Bouteilles, verres, pailles, sacs… Les produits à base de plastique se trouvent partout autour de nous. Mais qu’advient-il de ces objets du quotidien lorsqu’ils sont jetés n’importe où ? Des chercheurs toulousains du CNRS, du CNES, de l’Institut pour la Recherche et le Développement (IRD) et de l’université Toulouse 3 Paul-Sabatier, ont voulu comprendre comment ces déchets plastiques peuvent se mouvoir aux quatre coins du globe, du Pérou jusqu’à l’Occitanie.
Jeroen Sonke est directeur de recherche du CNRS au laboratoire Géosciences environnement de Toulouse. C’est avec ses collègues toulousains qu’il travaille depuis 2019 à l’élaboration d’un modèle mathématique capable de définir la trajectoire de certains déchets plastiques pour en déduire leur présence à des endroits insoupçonnés, et la manière dont ils y sont arrivés. Il nous explique : « Avec mes équipes, nous avons commencé par observer la présence ou non des micro-plastiques dans l’air et dans la neige en haute altitude, loin des zones d’habitation. Et nous avons découvert une concentration importante de ces substances au-dessus des Pyrénées et au Pic du Midi. Nous estimons ainsi qu’environ 300 micro-plastiques par mètre carré y tombent tous les jours. »
Les échantillons récupérés par les chercheurs sont ensuite analysés au microscope puis, par des atmosphériciens, qui modélisent leurs trajectoires dans l’atmosphère. « Cela nous a appris que ces micro-plastiques en haute altitude sont souvent portés par des masses d’air qui viennent d’Amérique du Nord, d’Afrique ou de l’océan Atlantique. Nous avons donc réalisé qu’il existait un déplacement intercontinental des micro-plastiques à travers la planète. »
Dans l’eau, dans les sols comme dans l’air, le plastique s’insinue partout, polluant notre environnement, mettant notre écosystème et notre santé en péril. Jeroen Sonke affirme d’ailleurs : « Aujourd’hui, l’Homme est exposé aux micro-plastiques dès lors qu’il boit de l’eau en bouteille ou du robinet. On en retrouve également dans le sel, dans le miel, dans toutes sortes d’aliments, comme les légumes… On estime par ailleurs que chaque individu respire 100 000 particules de micro-plastiques par an. »

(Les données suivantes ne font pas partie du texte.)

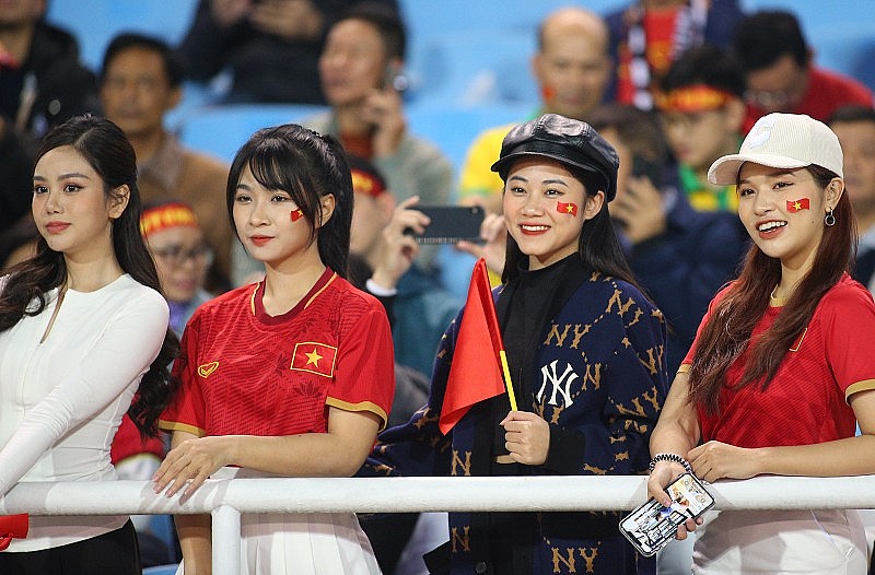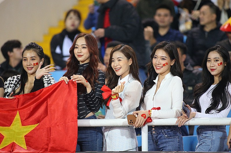 Các mỹ nhân trang điểm nhẹ nhàng, cầm theo quốc kỳ và dán đề-can trên má cổ vũ nồng nhiệt. Cô nào cô nấy khi được ống kính lia tới chụp hình đều chuẩn bị cho mình một tinh thần đón ống kính vô cùng chuyên nghiệp.

Or, le Bisphénol A contenu dans le plastique est un perturbateur endocrinien hautement toxique. Celui-ci peut notamment engendrer un risque d’infertilité ou de malformation chez les fœtus. Pour ce qui est des animaux marins (ce sont les plus exposés à cette pollution), Jeroen Sonke, alerte : « Nous estimons qu’entre 10 à 20% d’entre eux sont fortement impactés par les macro-plastiques, les plus grands déchets. »

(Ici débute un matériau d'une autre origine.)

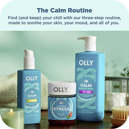 | Product Description: | We just want a little Peace, Please. Bring all of you back into balance with this expertly curated wellness kit that turns your daily shower into a soothing self-care ritual, thanks to CALM Mood + Skin body care and our bestselling Goodbye Stress gummies. Cleanse with CALM body wash, a creamy, non-stripping gel cleanser designed to soothe dry skin and ground your mood. Powered by clinically studied skincare ingredients, this dermatologist-tested formula is proven to repair your skin barrier with OLLY Vitamin Complex, infused with a blend of hyaluronic acid, adaptogens, and vitamin B3. Moisturize afterwards with CALM body serum, made with the same OLLY Vitamin Complex and scent, to add extra staying power to your hydration and fragrance. The grounding, spa-like scent of CALM is Comforting Eucalyptus Amber was developed with neuroscientists and proven to quiet your mood. For the full routine, take Goodbye Stress, made with GABA and L-Theanine, before or after you shower to enter “zen” mode. Skin-soothing, mood-morphing, and totally OLLY—this is your chill, bottled. Find (and Keep) Your Inner Chill: Peace, Please is an expertly curated wellness routine to bring all of you back into balance. CALM Mood + Skin: CALM body wash and serum are scientifically formulated to repair your skin barrier and transform your mood. Goodbye Stress: Our bestselling Goodbye Stress gummies are made with GABA and L-Theanine to help you keep calm and stay alert The Full Routine: Cleanse with CALM body wash and enjoy a light fragrance that lasts post-shower. Moisturize with CALM body serum for extra staying power and hydration. For the full routine, take Goodbye Stress pre-or-post shower and enter “zen” mode. Clinically Studied, Vitamin-Infused Skincare: Proprietary OLLY Vitamin Complex, made by skincare experts with hyaluronic acid, adaptogens, and vitamin B3, repairs and soothes dry skin. Scientifically Proven Scents: Calming fragrance developed with neuroscientists and proven to ground your mood. These statements have not been evaluated by the Food and Drug Administration. This product is not intended to diagnose, treat, cure or prevent any disease. |

Afin de limiter cette pollution, les chercheurs préconisent une meilleure gestion des décharges à ciel ouvert ou encore un nettoyage ciblé des lacs et des zones côtières les plus impactés. « Il existe de nouveaux projets en cours qui permettent le captage des macro-plastiques dans les rivières. Nous espérons que ce sera une façon efficace de les retenir, et ainsi d’éviter qu’ils ne se retrouvent dans les océans », conclut Jeroen Sonke.